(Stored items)

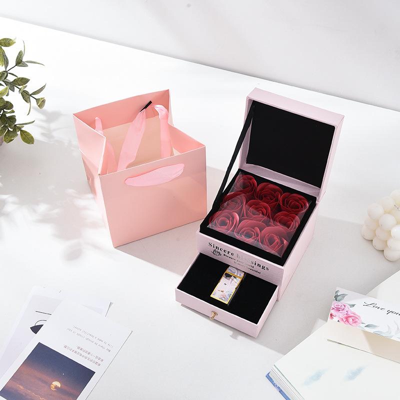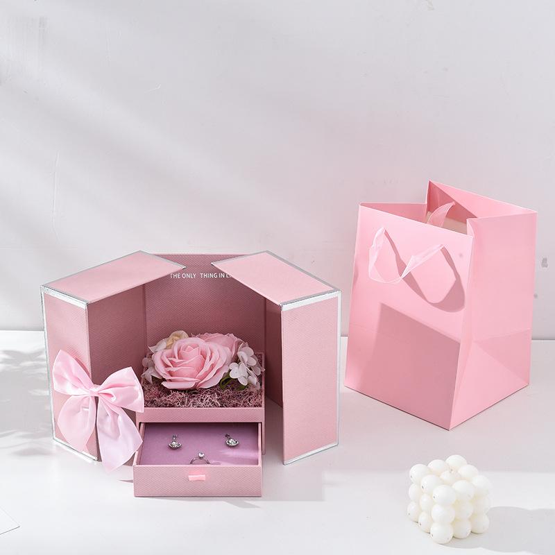 Caja de Regalo para Empaque de Joyería con Lazo de Doble Puerta para el Día de San Valentín, Creativa Caja de Regalo 520 para Labial de Rosas
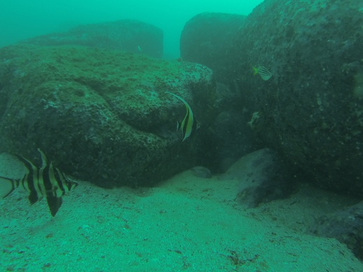 Distinctively shaped fish with a shield shaped body, pointed mouth and elongated dorsal fin. Colouration is also a distinguishing feature with black and white vertical bands across the body. A yellow area with faded edges is found in the centre of the body and towards the tail. A bright yellow to light orange marking crosses the tubular mouth. The elongated dorsal fin is white and decreases in relative length as the fish grows. Eyes are high on the face. In older fish lumps form above the eyes. Read more…
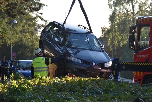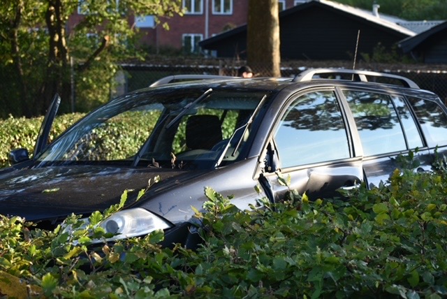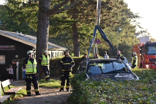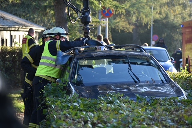 En af de forulykkede biler er ved ulykken landet i en busk og måtte med kran løftes ud af busken.
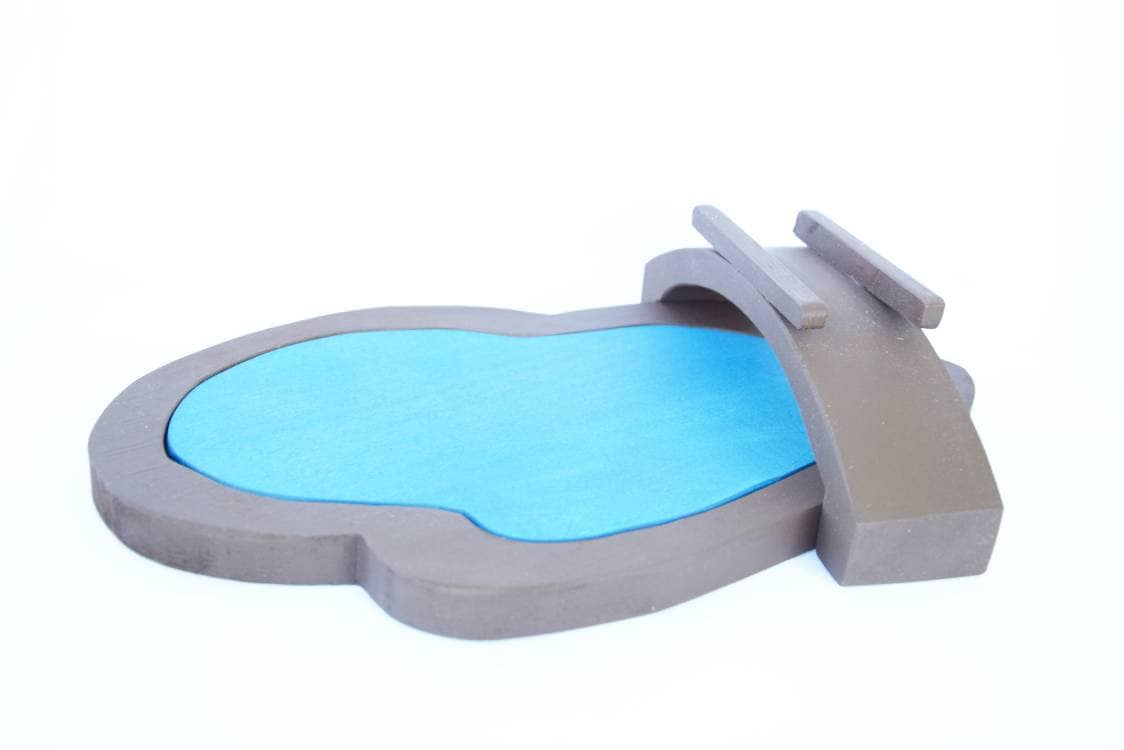 Pond with bridge, lake toy, wooden toy bridge, wooden lake toy, pre...
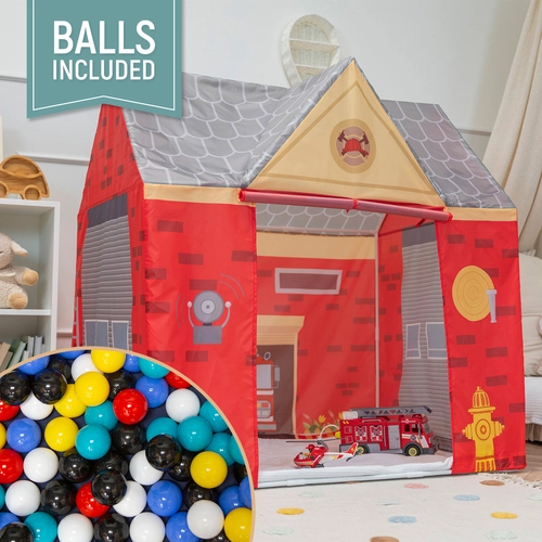 Tente De Jeu Pompier pour Enfants Forme De Pavillon Pour Bébés Design Pliable Tente Pop-Up Réaliste Inspiré Utilisation Intérieure Et Extérieure, rouge-gris: noir/blanc/bleu/rouge/jaune/turquoise, 200 Balles
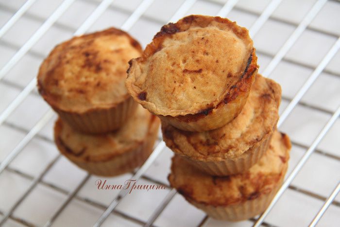 Тесто сначала скатать в шар, затем в рулон, разделить на 18 частей. Каждую из этих частей разделить на две неравные части. Из большей части сформировать лепёшку и положить её в формочку (лучше силиконовую). Заполнить начинкой (отложить пару ложек жидкости из рагу) и закрыть второй лепёшкой, которую сделать из меньшего кусочка. Таким образом налепить 18 пирожков.
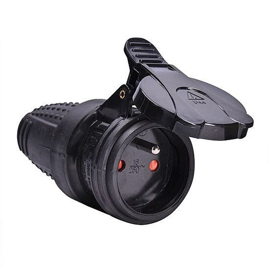 Zásuvka gumová, do vlhka, přímá, IP44, černá.
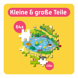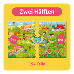Für gemeinsamen Puzzlespaß: Dieses Puzzle ist in zwei Hälften geteilt – 64 große Teile für Kinder ab 4+ und 130 kleine für Erwachsene ergeben ein Motiv. Beide puzzeln bis zur Mitte und setzen zusammen das Herzstück ein.
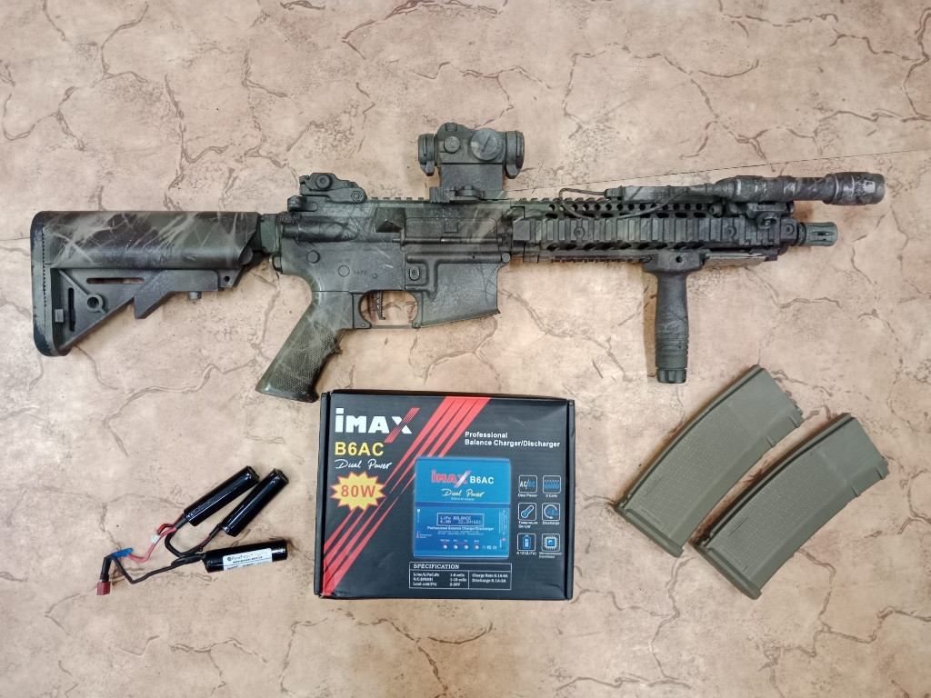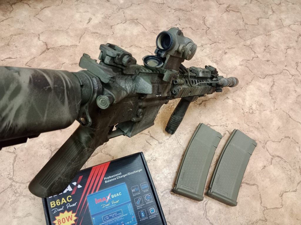Základ,nástřik,svítilna,spínač,kolimátor ,2x zásobník ,baterie,nabíječka . Vystřelen necelý pytel 4000 kulí.

* [AIM OF THE TASK] Respond with the exact lines above running from the one containing "En af de forulykkede" to the one containing "Тесто сначала скатать", both ends kept and no pictures included.

* [ANSWER SPACE]
 En af de forulykkede biler er ved ulykken landet i en busk og måtte med kran løftes ud af busken.
 Pond with bridge, lake toy, wooden toy bridge, wooden lake toy, pre...
 Tente De Jeu Pompier pour Enfants Forme De Pavillon Pour Bébés Design Pliable Tente Pop-Up Réaliste Inspiré Utilisation Intérieure Et Extérieure, rouge-gris: noir/blanc/bleu/rouge/jaune/turquoise, 200 Balles
 Тесто сначала скатать в шар, затем в рулон, разделить на 18 частей. Каждую из этих частей разделить на две неравные части. Из большей части сформировать лепёшку и положить её в формочку (лучше силиконовую). Заполнить начинкой (отложить пару ложек жидкости из рагу) и закрыть второй лепёшкой, которую сделать из меньшего кусочка. Таким образом налепить 18 пирожков.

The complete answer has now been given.